While local optima can appear sensible within limited observation areas, the global optimum describes the best overall solution within all possible combinations. Particularly in the case of complex investment portfolios, this distinction is of central importance for the quality of decisions.

The discussion about how such decision spaces can be mathematically modeled and systematically analyzed is therefore gaining international relevance. This is where business practice, mathematical optimization and technological innovation meet directly.

Relevance for companies, consultants and decision-makers

The question of mathematically suboptimal investment portfolios affects not only individual companies, but also numerous organizations in industry, SMEs, infrastructure, the public sector and transformation management. Especially in times of high investment dynamics, tight budgets and multiple conflicting goals, the importance of structured decision-making models increases.

With his work as CEO of mAInthink and as a management consultant, Sascha Rissel brings this perspective to the international exchange. The focus is not only on theoretical issues, but above all on the practical relevance for real investment, portfolio and prioritization decisions.

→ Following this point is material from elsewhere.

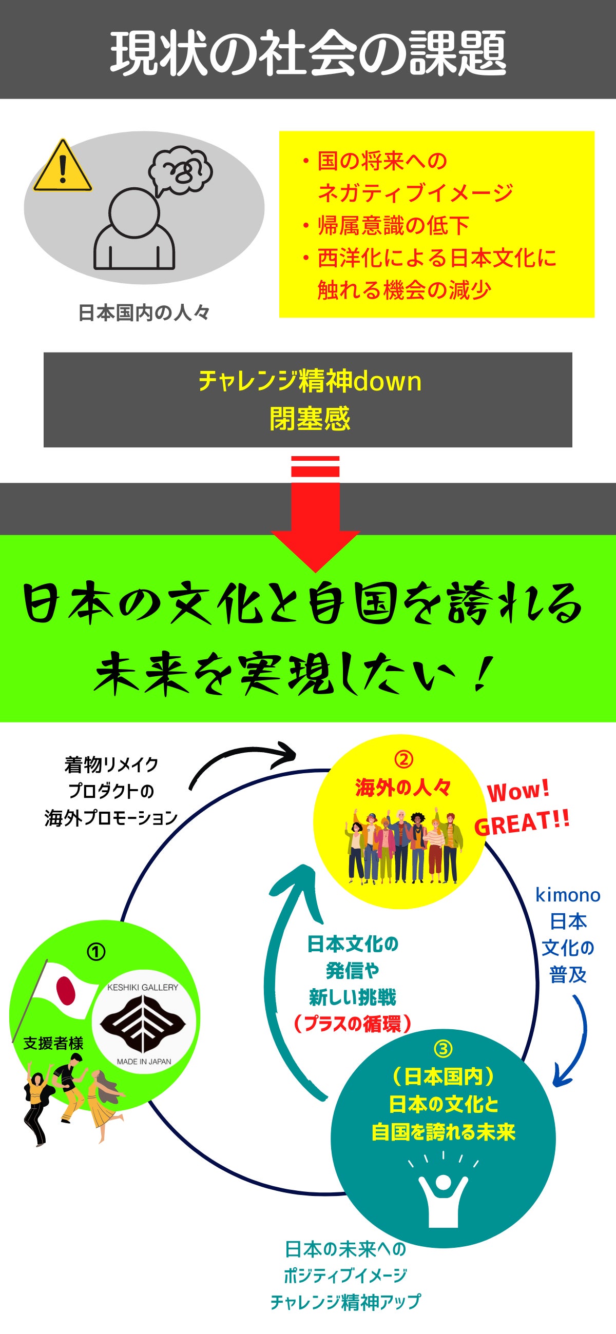 着物リメイクブランドの活動を通じ、海外の人たちに着物や日本文化の素晴らしさを伝えることで、「日本文化や日本人であることを誇れる未来」を実現していきたいと思い、当プロジェクトを立ち上げさせていただきました!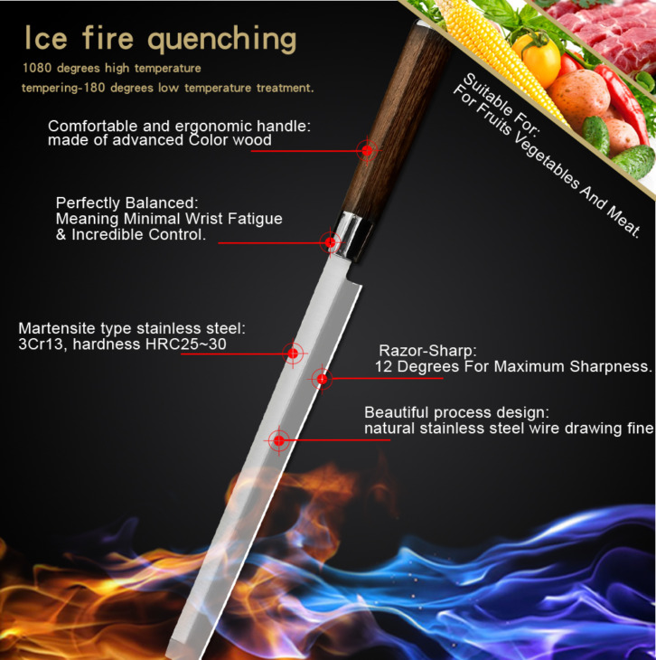 Sowoll 9 ‘ Rozsdamentes Acélból Készült Szeletelő Kés Sashimi Sushi Szerszám Görögdinnye Burkolat Fa Fogantyúvágó

International exchange in the WEF network

Being accepted as a CME member of the World Economic Forum network underlines the growing importance of decision quality, mathematical portfolio analysis and globally optimal allocation decisions. The exchange within such networks offers the opportunity to bring together new impulses from business, science and technology and to shed light on complex issues from different perspectives.

The question of why many investment portfolios remain mathematically suboptimal and how the global optimum can be calculated in complex decision-making situations is one of the topics that is becoming increasingly strategically important for companies and institutions worldwide.